Retype the records below from their first line through the line holding "Original 289 C", including both ends and no pictures.

==== RECORD EXTRACTS

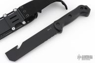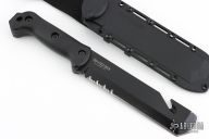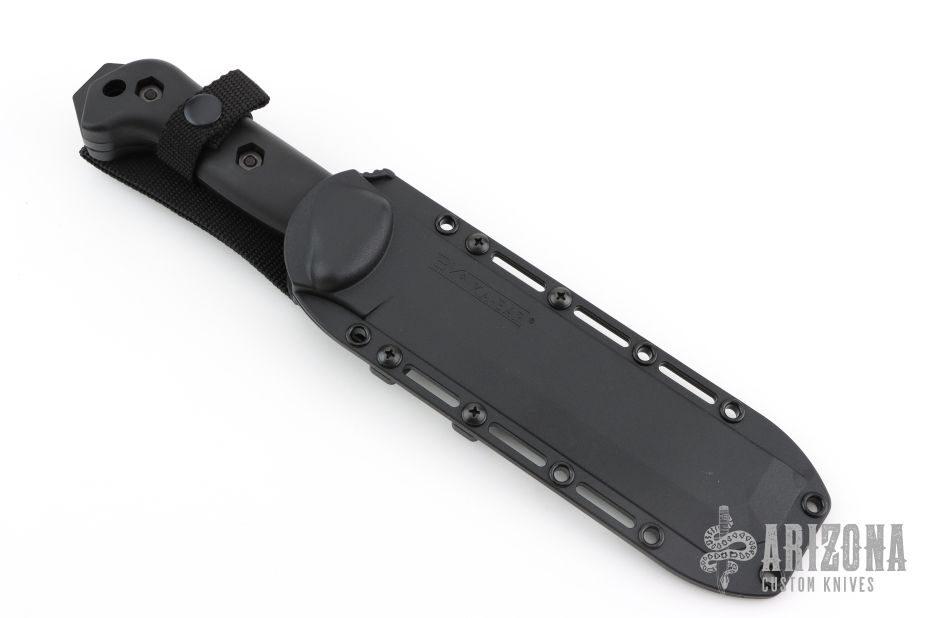 This Tactool from Becker Knife & Tool and Ka-Bar features a black chisel ground partially serrated blade with gut hook, .257" blade stock and 1.659" blade depth, full tang construction. The handle is comprised of black scales with lanyard hole in pommel. Comes with original box, papers and kydex sheath. Excellent condition.
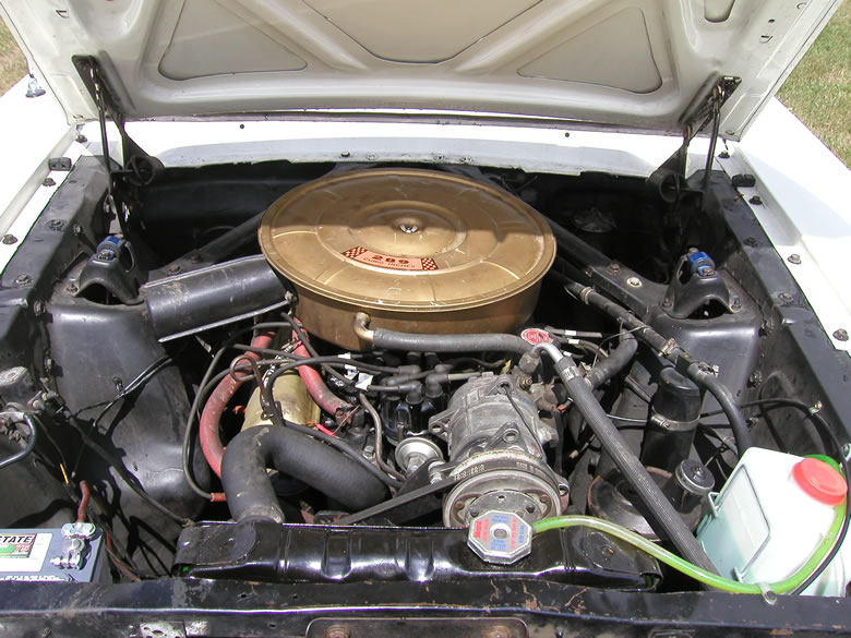 Original 289 C code now has a rebuilt 302 4V V8, shorty headers, alum intake, holly double pump carb.
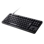 エレコムのメカニカルキーボードLeggeroは、有線でテンキーレスデザイン。Nキーロールオーバー対応、5000万回高耐久スイッチ採用の赤軸モデル。カラーはブラック。
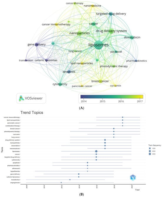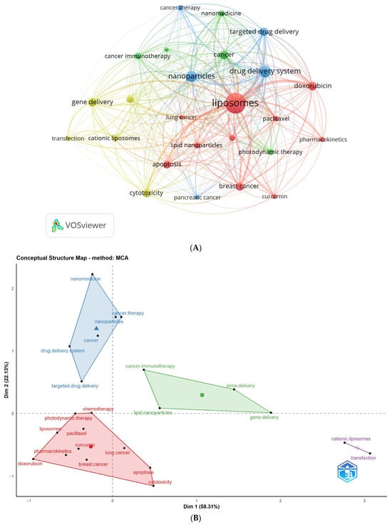 In conclusion, this comprehensive bibliometric analysis sheds light on the remarkable potential of liposomes’ applications in cancer therapy in various scientific domains. Our exploration into the current state of research and future directions underscores the transformative impact of liposomes. The potential of liposomes and lipid nanoparticles in detecting and treating cancer has emerged as a key focus, offering the tantalizing prospect of enhanced patient outcomes with reduced adverse effects. Furthermore, charged liposomes may allow the interaction with charged cellular components, a characteristic advantageous in the context of cancer cells.
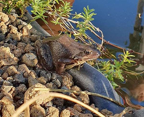 Auch ein Frosch wurde am Teich des Glücksgartens bereits gesichtet.
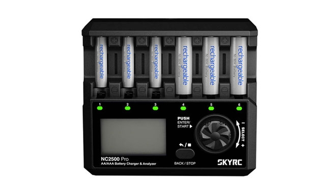 Ładowarka SkyRC NC2500 Pro umożliwia nie tylko ładowanie akumulatorów AA i AAA, ale także ich regenerację. Urządzenie oferuje kilka trybów pracy, a dodatkową zaletą jest funkcja rozruchu, która pozwala na rozruch silników modeli, które nie były używane przez długi czas. Posiada również port USB obsługujący szybkie ładowanie QC 3.0, a ładowarka jest wyposażona w 6 gniazd na akumulatory.
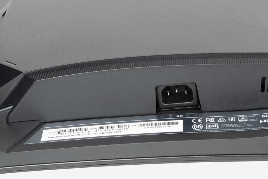 Задняя панель матрицы изготовлена из тонкого листа стали и имеет стойкое черное матовое покрытие. По периметру панель заходит на торцы матрицы и образует окантовку экрана. Выступающий назад кожух изготовлен из пластика. Толщина экрана по краям, где его не прикрывает кожух, составляет всего 4,5 мм. Разъем питания и интерфейсные разъемы расположены на нижнем торце выступа сзади и ориентированы вниз. Кабели, идущие от разъемов монитора, можно пропустить через вырез в нижней части стойки подставки.
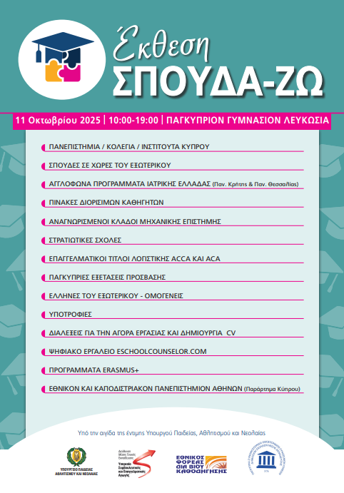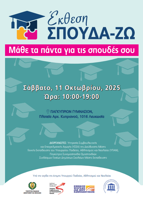 Η Υπηρεσία Συμβουλευτικής και Επαγγελματικής Αγωγής (ΥΣΕΑ) της Διεύθυνσης Μέσης Γενικής Εκπαίδευσης (ΔΜΓΕ) του Υπουργείου Παιδείας, Αθλητισμού και Νεολαίας, σε συνεργα σία με την Παγκύπρια Συνομοσπονδία Ομοσπονδιών Συνδέσμων Γονέων Δημοσίων Σχολείων Μέσης Εκπαίδευσης και τη στήριξη του Κυπριακού Συνδέσμου Καθηγητών / Καθηγητριών Σ.Ε.Α. (ΟΕΛΜΕΚ), διοργανώνει Επαρχιακές Εσπερίδες Επαγγελματικής Συμβουλευτικής με θέμα: «O τρόπος πρόσβασης στη Δημόσια Τριτοβάθμια Εκπαίδευση Κύπρου και Ελλάδας: Παγκύπριες Εξετάσεις Πρόσβασης 2025».

========

▶ REPLY
 This Tactool from Becker Knife & Tool and Ka-Bar features a black chisel ground partially serrated blade with gut hook, .257" blade stock and 1.659" blade depth, full tang construction. The handle is comprised of black scales with lanyard hole in pommel. Comes with original box, papers and kydex sheath. Excellent condition.
 Original 289 C code now has a rebuilt 302 4V V8, shorty headers, alum intake, holly double pump carb.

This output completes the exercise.